Ok Jim555, caring about the UK didn’t come across to me in your earlier posts. No worries. I’m sorry to hear your FIRE plans could be disrupted by this.
I actually care deeply about the UK (I have plans to FIRE there) and it saddens me so much that this has caused so much division and mess. As a European, I don't mind at all if countries want to leave the EU, but the UK has handled this badly. There should have been negotions for possible scenario's first and then people should have had their say. Now the Brexiters were basically given a blank check and ran with it. I don't think many Leavers intended to vote for a hard Brexit.
One of the slogans on the Brexit side during the referendum was something along the lines of “Love Europe, hate the EU”. I voted remain so I’m not endorsing this, but it is clear many people dislike the structure of the EU and the way it goes about things but actually have nothing against Europe itself and like Europe and being European a lot. I can accept this view. I kind of think the EU should concentrate on the things that the individual countries can’t do on their own I.e. trade, environment and security. I can understand the view of not wanting the EU to get involved in other things e.g. single currency etc.
If the referendum had been:
1. Remain
2. Remain but reform the EU and our relationship with it
3. Leave (but as Imma says with a clear definition of what that would look like)

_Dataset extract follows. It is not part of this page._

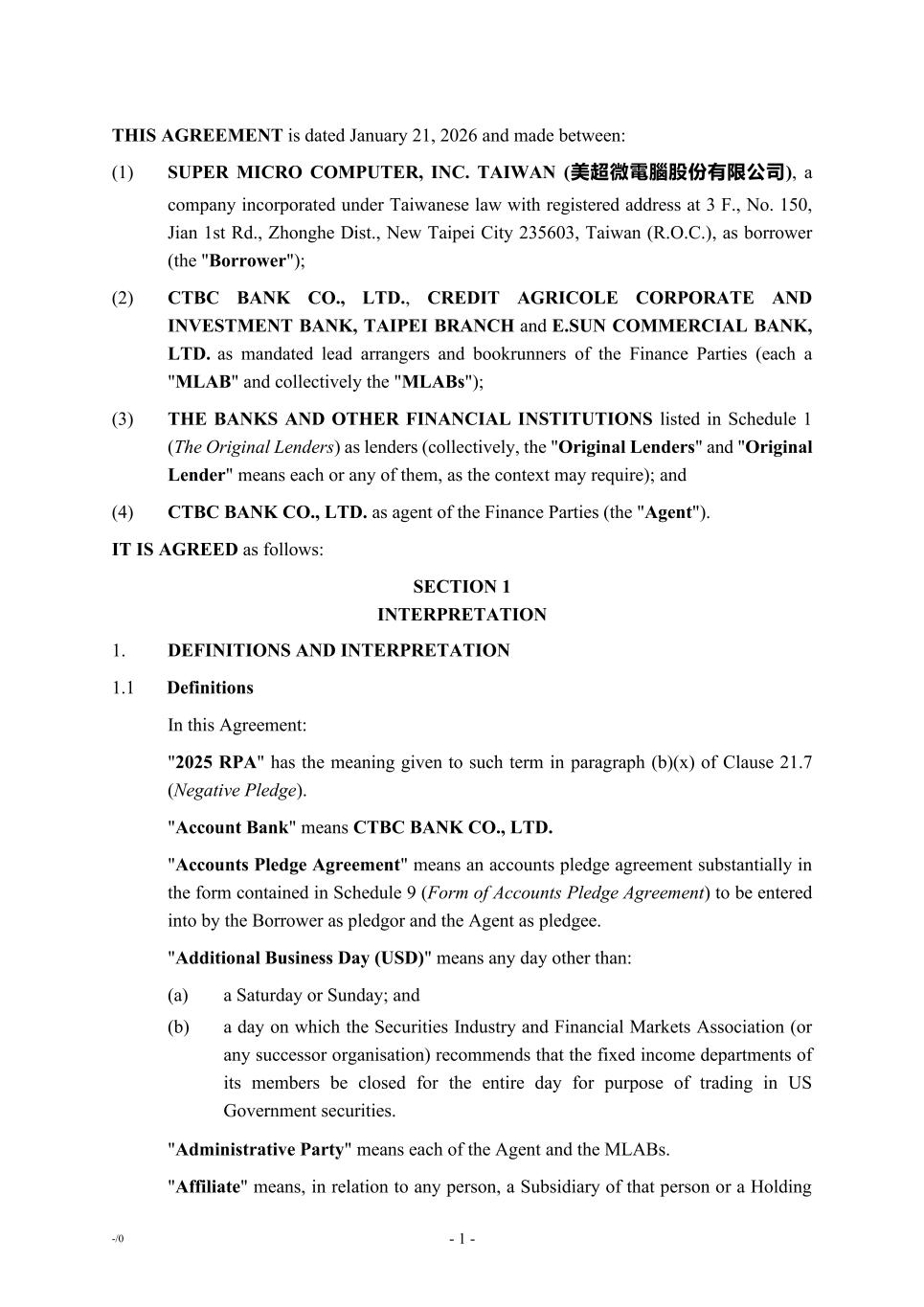 -/0 - 1 - THIS AGREEMENT is dated January 21, 2026 and made between: (1) SUPER MICRO COMPUTER, INC. TAIWAN (美超微電腦股份有限公司), a company incorporated under Taiwanese law with registered address at 3 F., No. 150, Jian 1st Rd., Zhonghe Dist., New Taipei City 235603, Taiwan (R.O.C.), as borrower (the "Borrower"); (2) CTBC BANK CO., LTD., CREDIT AGRICOLE CORPORATE AND INVESTMENT BANK, TAIPEI BRANCH and E.SUN COMMERCIAL BANK, LTD. as mandated lead arrangers and bookrunners of the Finance Parties (each a "MLAB" and collectively the "MLABs"); (3) THE BANKS AND OTHER FINANCIAL INSTITUTIONS listed in Schedule 1 (The Original Lenders) as lenders (collectively, the "Original Lenders" and "Original Lender" means each or any of them, as the context may require); and (4) CTBC BANK CO., LTD. as agent of the Finance Parties (the "Agent"). IT IS AGREED as follows: SECTION 1 INTERPRETATION 1. DEFINITIONS AND INTERPRETATION 1.1 Definitions In this Agreement: "2025 RPA" has the meaning given to such term in paragraph (b)(x) of Clause 21.7 (Negative Pledge). "Account Bank" means CTBC BANK CO., LTD. "Accounts Pledge Agreement" means an accounts pledge agreement substantially in the form contained in Schedule 9 (Form of Accounts Pledge Agreement) to be entered into by the Borrower as pledgor and the Agent as pledgee. "Additional Business Day (USD)" means any day other than: (a) a Saturday or Sunday; and (b) a day on which the Securities Industry and Financial Markets Association (or any successor organisation) recommends that the fixed income departments of its members be closed for the entire day for purpose of trading in US Government securities. "Administrative Party" means each of the Agent and the MLABs. "Affiliate" means, in relation to any person, a Subsidiary of that person or a Holding

Then I reckon 2 would have won.
Sadly being a choice between 1 and 3 made it difficult to campaign for 1. It’s instantly on the back foot. Leave sounds positive, assertive, taking back control etc. It by its very nature sounds optimistic and patriotic. For me it was clear that remaining was actually the patriotic choice but saying “we’ll just stay and remain as we are” instantly sounds needy and pathetic.
As a result the remain campaign just played on project fear and quite rightly no one believed it. Saying we’ll slowly decline over a twenty to thirty year period doesn’t have the punch so they went for nonsense statements such as emergency budgets, and immediate disaster. What they should have done was state the positive case for being in the EU in a really patriotic and positive way. Instead they were complacent and wishy washy, and that makes me as angry as I feel towards Cameron putting his party above the national interest in the first place.
I fail to see how the democratic will of the people is relevant here when both campaigns were so shoddily run and information provided so sub-standard. I would be genuinely interested now after these last three years how a second referendum would turn out. The Irish border I can barely remember being discussed too much, when it should have been one of the key talking points. As Imma says I can easily see this leading to the break up of the UK in the worst case. Did people vote for that?
From a FIRE perspective though all we can do is keep indexing, minimise expenses, hone as many skills as possible and cycle lots (because it’s cool) I.e. all things we want to be doing anyway.